[COLLECTED DATA Boundary: Start]

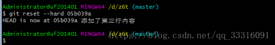 通过上面显示我们可以知道,添加第三行的版本号是05b039a ,现在可以使用命令git reset --hard 05b039a 来恢复,演示如下:
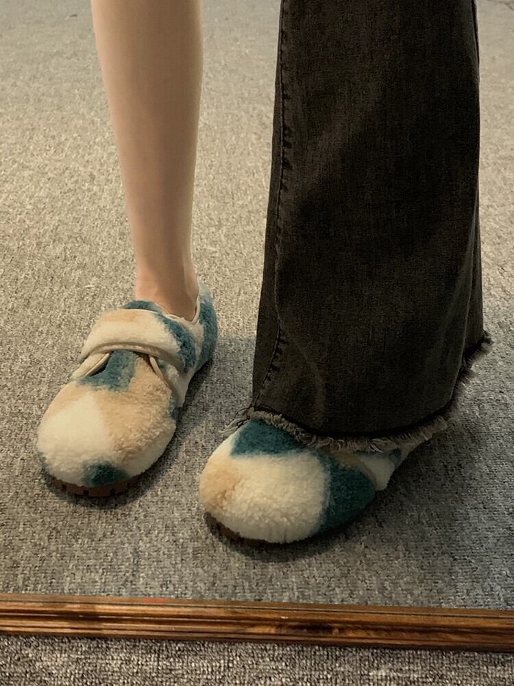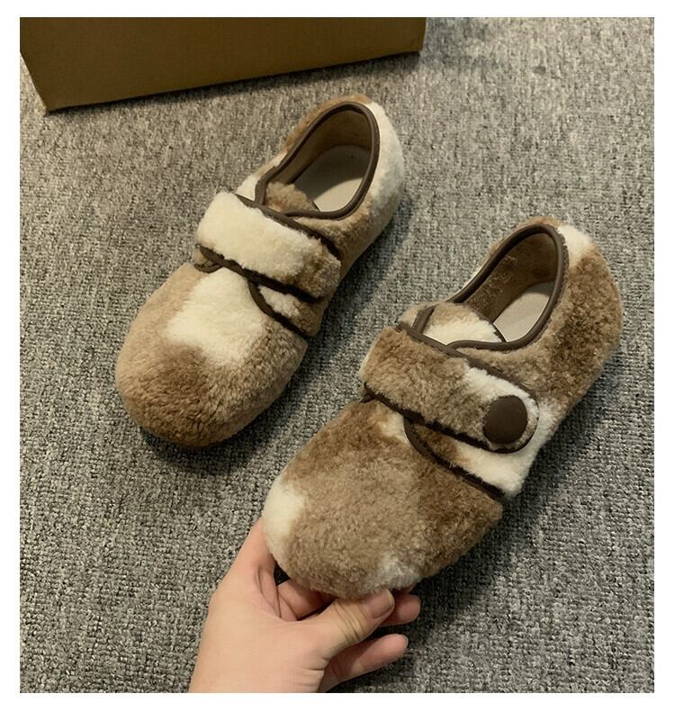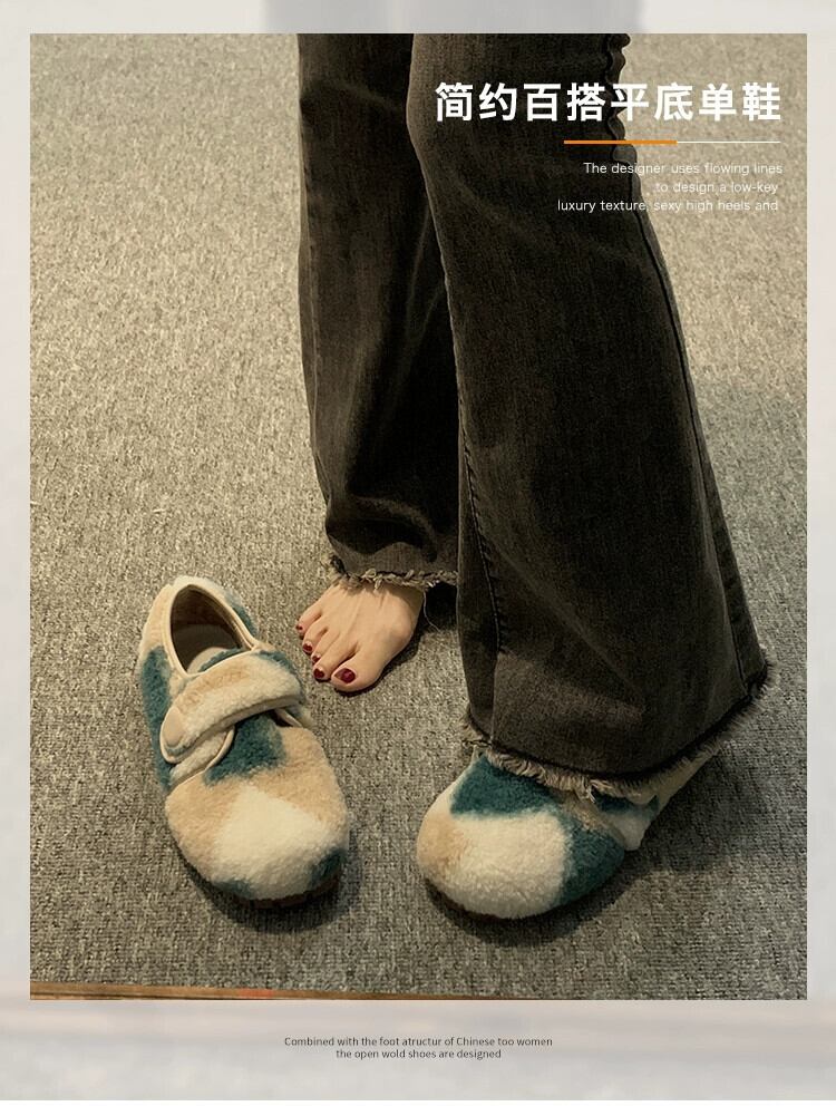 Jia Bujia レディース ファーリー シューズ 2023 冬多用途ベルクロ平底 Comtable ビーニー シューズ トレンディ 靴 ウィンター 冬物 jxjxf75485457831
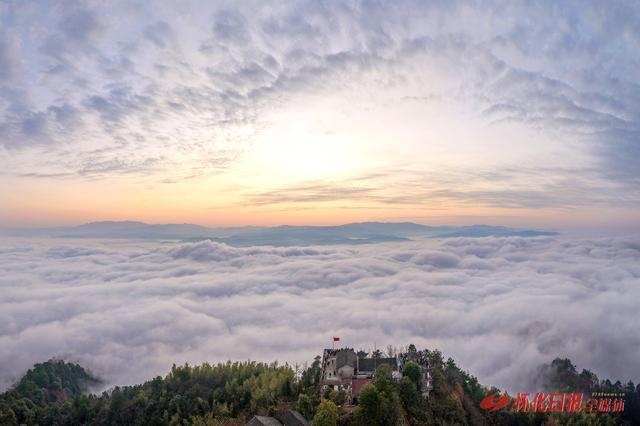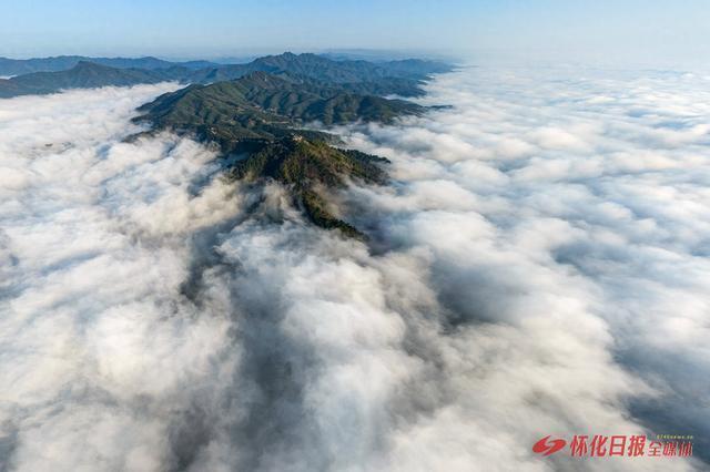 12月14日,航拍下的密岩尖云海格外壮丽。据了解,洪江区密岩尖是一处自然观景胜地盛康优配,仅需十几分钟的登山时间就可以俯瞰滔滔沅江及群山环绕的洪江古商城全貌。(李钢 摄)
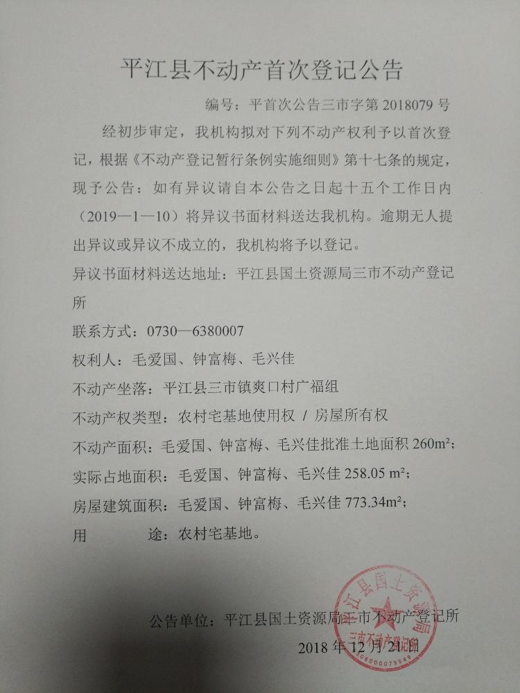 毛爱国 钟富梅 毛兴佳(两户联建)不动产首次登记公告 三市字第2018079号

[COLLECTED DATA Boundary: End]

▸ ASSIGNMENT: What is needed is an exact retyping of the lines from the start of the data through the line with "Jia Bujia レディース", with both end lines kept and every picture left out.

▸ TASK ANSWER:
 通过上面显示我们可以知道,添加第三行的版本号是05b039a ,现在可以使用命令git reset --hard 05b039a 来恢复,演示如下:
 Jia Bujia レディース ファーリー シューズ 2023 冬多用途ベルクロ平底 Comtable ビーニー シューズ トレンディ 靴 ウィンター 冬物 jxjxf75485457831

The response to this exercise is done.